A model that learns the landscape linking sequence to function can provide insight into function without having to do experiments. Unsupervised models of mutational effects can be learned from sequences [3, 4]. Statistical patterns in a family of evolutionarily related protein sequences contain information about structure and function [5–7]. This is because the properties of a protein act as constraints on the selection of sequences through evolution [8].
In the natural language modeling community, there has been interest in zero-shot transfer of models to new tasks. Massive language models can solve tasks they haven’t been directly trained on [9–11]. Recently protein language models have achieved state-of-the-art in various structure prediction tasks [12–14]. Work to date has mainly focused on transfer in the classical representation learning setting, using pre-trained features with supervision on the downstream task.

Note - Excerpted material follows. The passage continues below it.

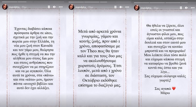 Θα ήθελα να ξέρετε όλοι, εσείς οι γνωστοί και οι άγνωστοι φίλοι μου, πως είμαι καλά, εστιάζω στη δουλειά και τον εαυτό μου και συνεχίζω να κοιτάω μπροστά και να προχωράω. Μου λείπετε όλοι τόσο και εύχομαι κάποια στιγμή να καταφέρω να βρεθώ ξανά κοντά σας έστω και για λίγο. Σας εύχομαι ολόψυχα καλές γιορτές. Σας αγαπώ. Μάρω», έγραψε η Μάρω Λύτρα.

Depiction of a mutational effect prediction task. The objective is to score the effect of sequence mutations on the function of a protein. Deep mutational scanning experiments provide ground truth experimental measurements of the protein’s function (fluorescence activity in the example here) for a large set of single mutations or combinations of mutations. For each protein, the prediction task is to score each possible mutation and rank its relative activity. Predictions for single substitutions can be described in a score matrix. The columns are the positions in the sequence. The rows are the possible variations at each position.

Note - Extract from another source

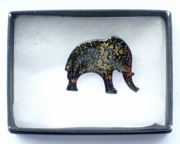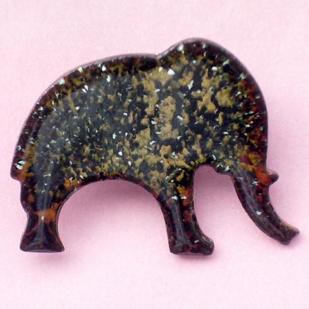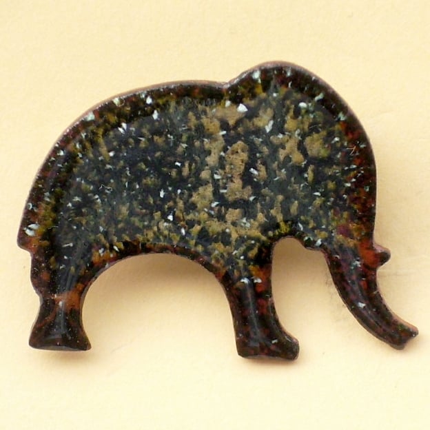 I have made this brooch by laying black enamel powder over a coat of clear enamel. As you may see, this creates a mottled effect in which the copper shape below shows through in shades of golden brown.

In this work we show that language models trained on large and diverse protein sequence databases can predict experimental measurements of protein function without further supervision. Prior work has focused on transferring the representations using supervision from experimental data [15, 16]. We find that language models can transfer to predict functional measurements without supervision. Language models perform zero-shot and few-shot prediction of mutational effects across a variety of proteins with widely differing functions. We perform experiments with state-of-the-art protein language models ESM-1b [12] and MSA Transformer [13]. We introduce a new protein language model, ESM-1v, with zero-shot performance comparable to state-of-the-art mutational effect predictors. Performance can be further improved by fine-tuning the model with sequences from the protein family. Predictions capture the functional landscape of the protein, correlate with amino acid conservation patterns in the core and surface, and identify residues responsible for binding and activity.
2 Zero-shot transfer
Zero-shot learning has classically described the extension of a classifier to a new set of classes that have not been seen in training [17]. In natural language processing this idea has been extended to describe the transfer of models to entirely new tasks without further training. Proposed as zero-data learning by Larochelle et al. [18], this perspective on transfer has been at the center of recent work understanding the generalization capabilities of large language models [9–11, 19]. The distinction from representation learning is that the models are used directly without additional supervision for the task. This means that the tasks must be learned purely from pre-training.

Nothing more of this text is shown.